Japonia chce wyłączenia ropy naftowej z ew. sankcji wobec Iranu
Japonia chce zaproponować partnerom z Zachodu, by ewentualne sankcje ekonomiczne wobec Iranu nie obejmowały głównego irańskiego bogactwa, czyli ropy naftowej - podała prasa japońska.
21.08.2006 | aktual.: 21.08.2006 06:36
Chodzi o sankcje, jakie społeczność międzynarodowa ma nałożyć na ten kraj, jeśli odmówi zaprzestania wzbogacania uranu, który może zostać wykorzystany do produkcji broni jądrowej.
Wpływowy tokijski dziennik "Yomiuri Shimbun" napisał powołując się na źródła rządowe w Tokio, że propozycję tę można uważać za próbę utrzymania więzi energetycznych z Iranem w wypadku nałożenia sankcji.

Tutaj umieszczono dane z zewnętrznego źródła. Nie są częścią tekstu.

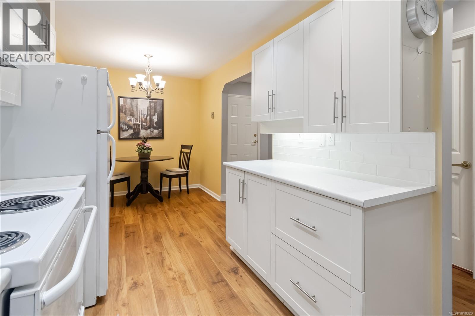 $440 MonthlyWelcome to the perfect Sidney lifestyle! Blocks from beautiful Beacon Avenue and the oceanside walkway, this updated and spacious two-bedroom condo is ideal for retirees seeking comfort, convenience, and community. Enjoy peace of mind in a quiet 55+ pet-friendly (1 dog or cat up to 30 lbs) and non-smoking building. Inside, you’ll find modern upgrades throughout, including luxury engineered vinyl flooring, refreshed kitchen with new cabinet doors, counters, tile backsplash, sink, hardware, and high-end microwave, plus an updated bathroom with new vanity, sink, tap, and flooring. The large primary bedroom easily accommodates full-size furniture, while the second bedroom is perfect for guests or a home office. Enjoy your east-facing deck with lovely morning light and a view of a mature tree that changes with the seasons. Everything you need is nearby-the library, excellent bus routes, boutiques, cafés, bookshops—all part of the warm, walkable seaside community that makes Sidney special. (id:35114)
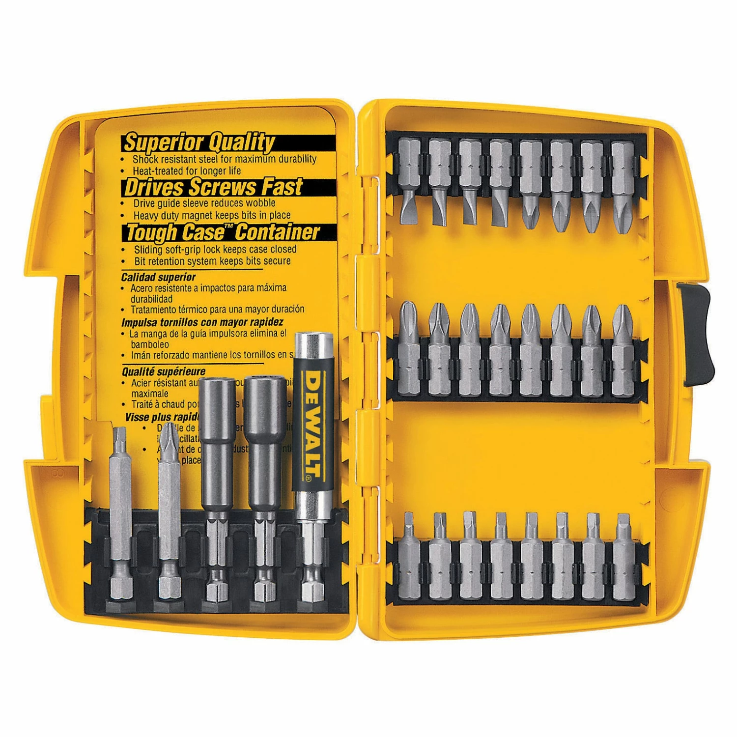 - Set includes compact drive guide, nut drivers and slotted, Phillips and square recess bits.

Iran jest piątym największym dostawcą ropy do Japonii, która jest prawie całkowicie uzależniona od importu nośników energii. Tokio stara się pogodzić swą zależność od importu energii z zasadami solidarności i zachowania wspólnego frontu z zachodnimi sojusznikami.
Japońskie ministerstwo spraw zagranicznych zaprzeczyło istnieniu przymiarek do tego rodzaju propozycji. Podkreśliło, że Tokio nie zakłada w swej polityce zagranicznej, iż Teheran może odrzucić zaproponowany przez sześć potęg (USA, Rosja, Chiny, Francja, W.Brytania i Niemcy) zestaw bodźców, mających zachęcić Iran do rezygnacji ze wzbogacania uranu.
Zgodnie z deklaracjami Teheranu, ma on udzielić do wtorku odpowiedzi na propozycje szóstki.